SUCCESS CASE #BigData #DataPlatform
Relational Data Platform Design and Construction
STRUCTURALIA is an international graduate school specialized in engineering, infrastructure, energy, building, digital transformation and new technologies.
It has trained more than 115,000 students in 52 countries. It has offices in Spain, Colombia, Mexico, Peru, Chile, Puerto Rico and Central America.
Adapting the business to current and future needs
According to Harvard Business Review, the oil of the 21st century is the data that every company generates. But not all companies know or are prepared to extract value from it, which has a direct or indirect impact on their revenues.
Many companies have had data processing systems in place for some time, but these are structures designed to solve a specific situations or not designed to meet future needs, such as data exploitation.
It is essential to build elastic and scalable technological infrastructures that can perform in current environments and predict their performance under different conditions. Public cloud environments allow and facilitate the design of modernized and self-managed infrastructures suitable for the evolution of data platforms that allow ingesting, processing and exploiting information with greater capabilities. This will eventually lead the company to become a data-driven organization, that is, a company that can make decisions directly from its generated data.
Structuralia had data platform and data ingestion and transformation systems in AWS. But these processes and data platform did not have the reliability, scalability and growth capacity that Structuralia demanded to be able to provide advanced analytics and BI services to its customers.
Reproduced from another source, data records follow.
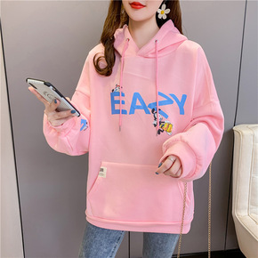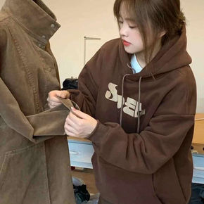 棉加绒秋冬季美式甜美INS学生超火宽松连帽卫衣女原...
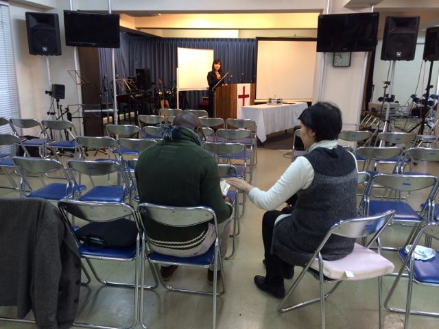 火曜礼拝で、ベルギーの方がいらっしゃいました。 大野さんに通訳を協力していただきました。 礼拝の様子です。
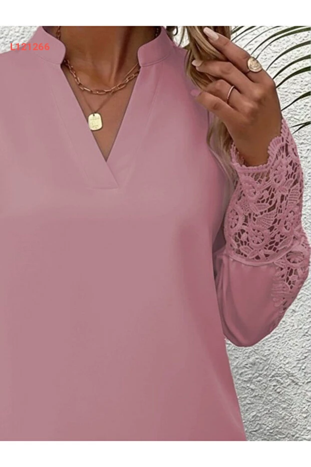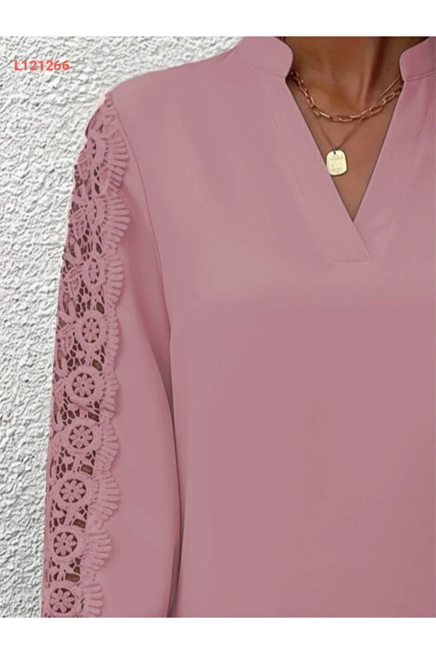 بلوزة كريب أنيقة للنساء بتصميم لائق بأكمام دانتيل وياقة حاكمة - موسم جديد
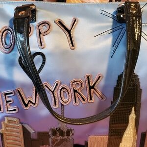 Coach Poppy NYC Destination Ombre Blue Satin Leather Skyline Glam Tote Bag, a limited edition and now discontinued item. The bag features a New York City skyline made of mixed leathers and fabrics, with "POPPY" and "NEW YORK" text.
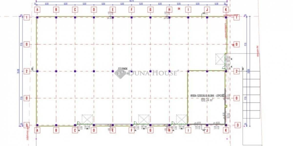 M0-ás lehajtótól 500m helyezkedik el a csarnok egy 5265 m2 telken (GKSZ-6).
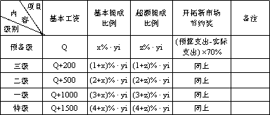 业务员是企业中一支特殊而重要的员工队伍,他们对企业开拓市场、制订正确的营销战略和发展战略具有举足轻重的作用。如何对他们实施有效的管理,尤其是有效的分配管理,是企业营销管理工作成败、乃至整个企业生存和发展的一个关键环节。 10.关于第9项的说明: (1)由于各业务员所销售产品品种的差异,因此在计算销售数量业绩时,应先确定一种产品作为标准品,然后按“约当法”折算成标准数量; (2)回款率为从发货之日起W天以内货款的实际到帐率,W天以后的回款不计人回款率。回款标志一般以财务入帐收据为准。汇票可以以开出时间为准。由于业务员每批货的金额和发货时间均不一样,所以总的年度回款率是各批次货款回款率的加权平均数; (3)年呆帐率是指每个计划年度结束时每个业务员应收款与总贷款金额的比率。 (4)业务员综合评价指数是企业对业务员进行年终综合考评指标,它由企业“业务员评等定级组织”评判。 (5)业务员正式签定合同即自动转为预备级业务员,晋级须工作一年以后。新业务员两年内不能达到预备级业务员标准的,企业将予以解聘。 11.业务员分配系统表:(表七) 说明: (1)Q由企业视具体情况确定; (2)“基本提成比例”是企业确定的每个业务员必须完成的基本任务的提成比例,x量由企业确定; (3)“超额提成比例”则是业务员超过基本任务以外的部分的提成比例,Z也由企业确定; (4)yI表示某业务员所负责地区市场的难度系数,基准数为1。各地区市场的难度系数由“业务员评等定级组织”评判,所考虑的主要因素: a.市场与企业生产基地的距离 b.市场竞争的激烈程度 C.市场运输的方便程度 d.市场的集中程度 e.市场容量大小与发育程度 f.企业产品及企业在某市场的知名度 g. 企业在某市场销售网络的建立状况等 (5)“开拓新市场节约奖”是为了鼓励业务员用最少的费用开拓新市场、提高企业产品市场占有率而设立的。其中“预算支出”由企业根据具体情况确定。 (6)业务提成中包括业务员的差旅费、交际费、促销宣传费、运费、奖励等。 |
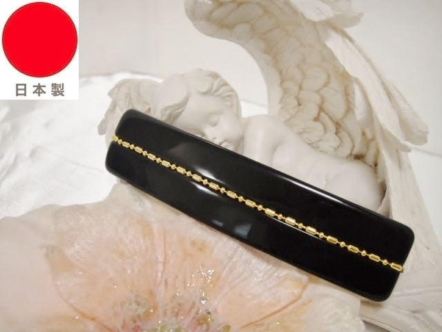 - ♪ 新品 バレッタ 日本製『高品質/アセチ/ロングサイズ/レクタングル/GOLDチェーンライン/ブラック/黒』♪
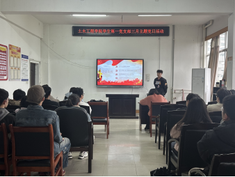 活动伊始,吴昊同志就本次党日活动的主题及流程作简要说明,系统阐述2025年全国两会精神的核心要义,带领与会党员结合专业实际展开研读,使其深刻认识到土木工程学科在国家基础设施建设中的使命责任。
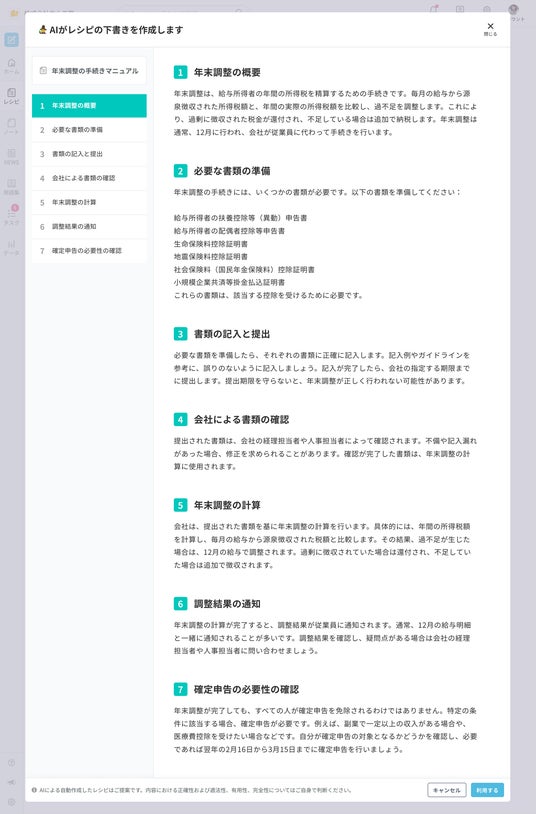 (右)GPT-4oを搭載したAIマニュアル作成機能で生成した業務マニュアル
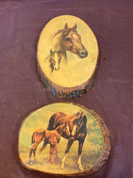 LOT 223 - 2 wood slabs with bark on, horse prints
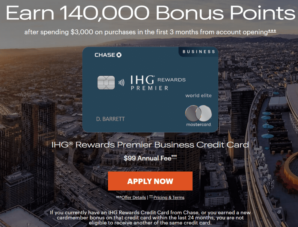 - Chase IHG Rewards Premier Business Credit Card is offering 140,000 points after $3,000 in purchases within the first three months

To address these shortcomings, Keepler began a process of modernization of its platform, designing and building a data platform in AWS connecting with relational databases, APIs and third-party; allowing the orchestration of workflows for data ingestion and transformation with the possibility of data ingestion in RT, NRT and batch format. To achieve this, three milestones were defined in order to meet the client’s requirements:
- The architecture should allow implementing the first use case and scaling with new data sources and analytical needs in an agile and flexible way.
- Relational data ingestion must be done by building connectors and orchestrating the data flow with the selected data sources.
- Data must be accessible via APIs and exploitable both directly through a BI tool and indirectly.
In order to achieve the milestones set for this project, the following main objectives were established:
- Securely ingest data through the Database Migration Service (DMS). The loads performed through this process will be total and daily.
- Create a Data Lake that allows us to centrally manage the stored data and process the stored data in such a way that it provides value to the different subsequent stages.
- Provide an extra security layer to access the data stored in the Data Lake.
- To be able to generate reports and replicate existing dashboards based on the information contained in the Data Lake through Quicksight.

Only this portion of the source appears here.